LONDON - Britain suffered its highest monthly death toll this May in southern Iraq since the US-led invasion after nine troops died in a wave of violence that the defence minister said Tuesday was a "major concern".

Iraq's Deputy Prime Minister Barham Saleh, however, said his government was taking steps to tackle the unrest and had sent envoys to the city, which has reportedly seen a spike of infighting between rival Shiite factions.

British Defence Secretary Des Browne reiterated that British troops would stay in southern Iraq until the Iraqi security forces were able to cope alone.

"It is undoubtedly the case that the apparent rise in violence is a cause of major concern," he told BBC television.

"We have, for example, over the last 10 days lost four brave British soldiers to explosives involving roadside devices," he said.

At the weekend, two soldiers were killed and two injured by a roadside bomb in Basra, while two weeks earlier two troops died in another roadside blast.

Browne said: "We keep these matters under constant review and we look carefully at the incidents and we look carefully at the nature of the explosive devices."

Turning to the matter of troop withdrawal, the defence minister said it depended upon when the new Iraqi government was confident that its security forces were ready to take over from the US-led military coalition.

"The decision on withdrawal will be based on achieving the right conditions but not on a particular timetable," Browne said, noting that such an artificial timeline would not be in the interests of the Iraqi people or British military.

Iraq's deputy prime minister admitted there were serious problems in Basra, where a majority of British troops in Iraq are based.

Prime Minister Nuri al-Maliki "himself will be attending to the situation on the ground," Saleh told BBC radio.

"Basra is an important city for Iraq. We have had a reasonably stable situation there for a long time but ... problems within some groups have had unfortunate ramifications for the stability of the city," he said.

"We will be taking urgent measures in this regard."

Asked why the violence in Basra had worsened, Salah insisted that the situation had to be taken in context as the country struggles to rebuild itself following decades of hard-line rule under ousted president Saddam Hussein.
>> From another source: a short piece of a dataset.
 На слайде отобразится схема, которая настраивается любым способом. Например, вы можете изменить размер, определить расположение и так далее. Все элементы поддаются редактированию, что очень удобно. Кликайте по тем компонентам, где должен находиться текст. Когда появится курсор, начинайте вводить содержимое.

"We are trying to construct a democratic system of government that will be inclusive in the heart of Islamic Middle East," the deputy prime minister said.
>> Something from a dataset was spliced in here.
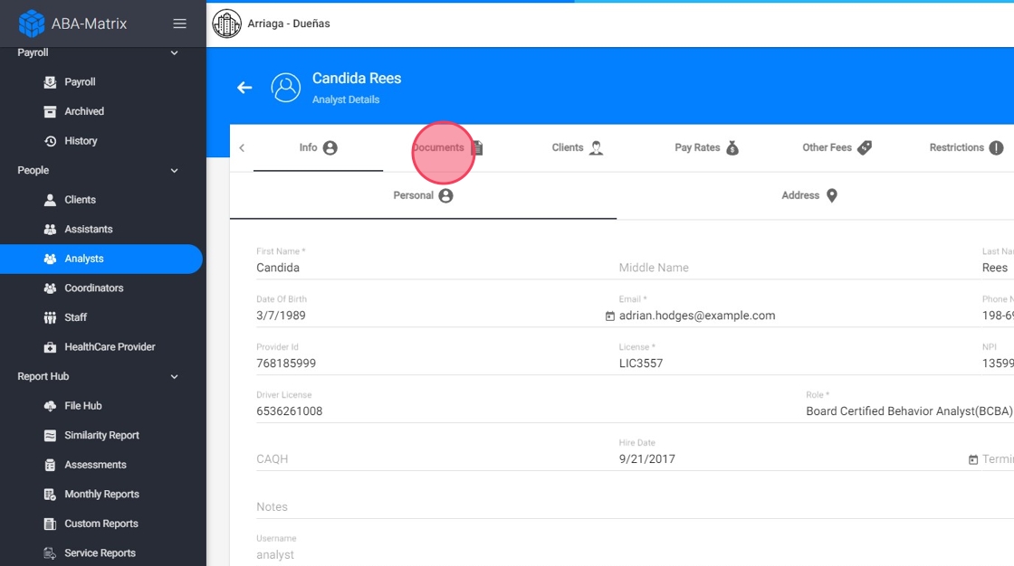 Los documentos de los asistentes, analistas y miembros del personal (por ejemplo, HIPPA, seguridad, antecedentes policiales, así como la licencia de asistente y analista) se pueden archivar dentro de la ventana "Documentos" que se encuentra en el perfil de cada empleado.

Britain's bloodiest month in southern Iraq began with the deaths of five soldiers on May 6 when their helicopter crashed in Basra.
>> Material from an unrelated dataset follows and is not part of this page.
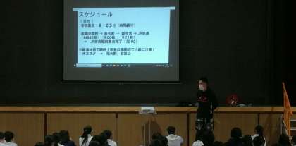 2年生は講堂で、校外学習に向けての事前学習です。校外学習は、自主性、規範意識、公共性、協力する気持ちなど、沢山のことを学習する良い機会になります。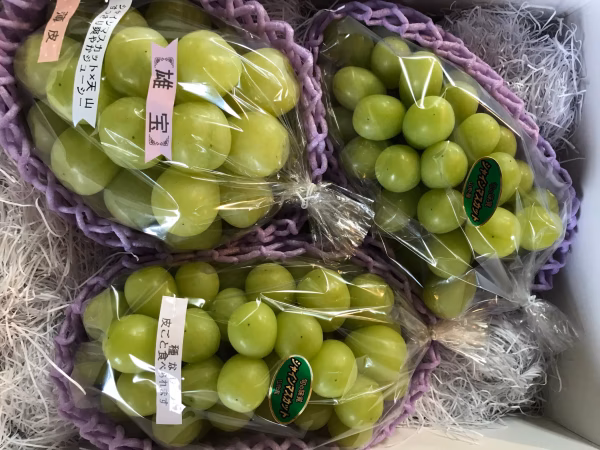 シャインマスカットの子どもで、新品種です。市場にはなかなか出回っていません。

Among the dead was flight lieutenant Sarah-Jayne Mulvihill -- the first British servicewoman to die in action in the Iraq conflict.

British civilians were also caught up in the violence, this time in Baghdad.

Two British members of a US news crew died and a reporter was seriously wounded in a car-bomb attack in the Iraqi capital on Monday.

Britain's highest single-day death toll since the invasion of Iraq in March 2003 happened on January 30, 2005, when 10 servicemen -- including one Australian who was serving with the British Royal Air Force -- died when their military plane crashed north west of Baghdad.

In total, 113 British soldiers have been killed since the war began.

Some 7,200 British servicemen and women are currently deployed in southern Iraq and neighboring Kuwait.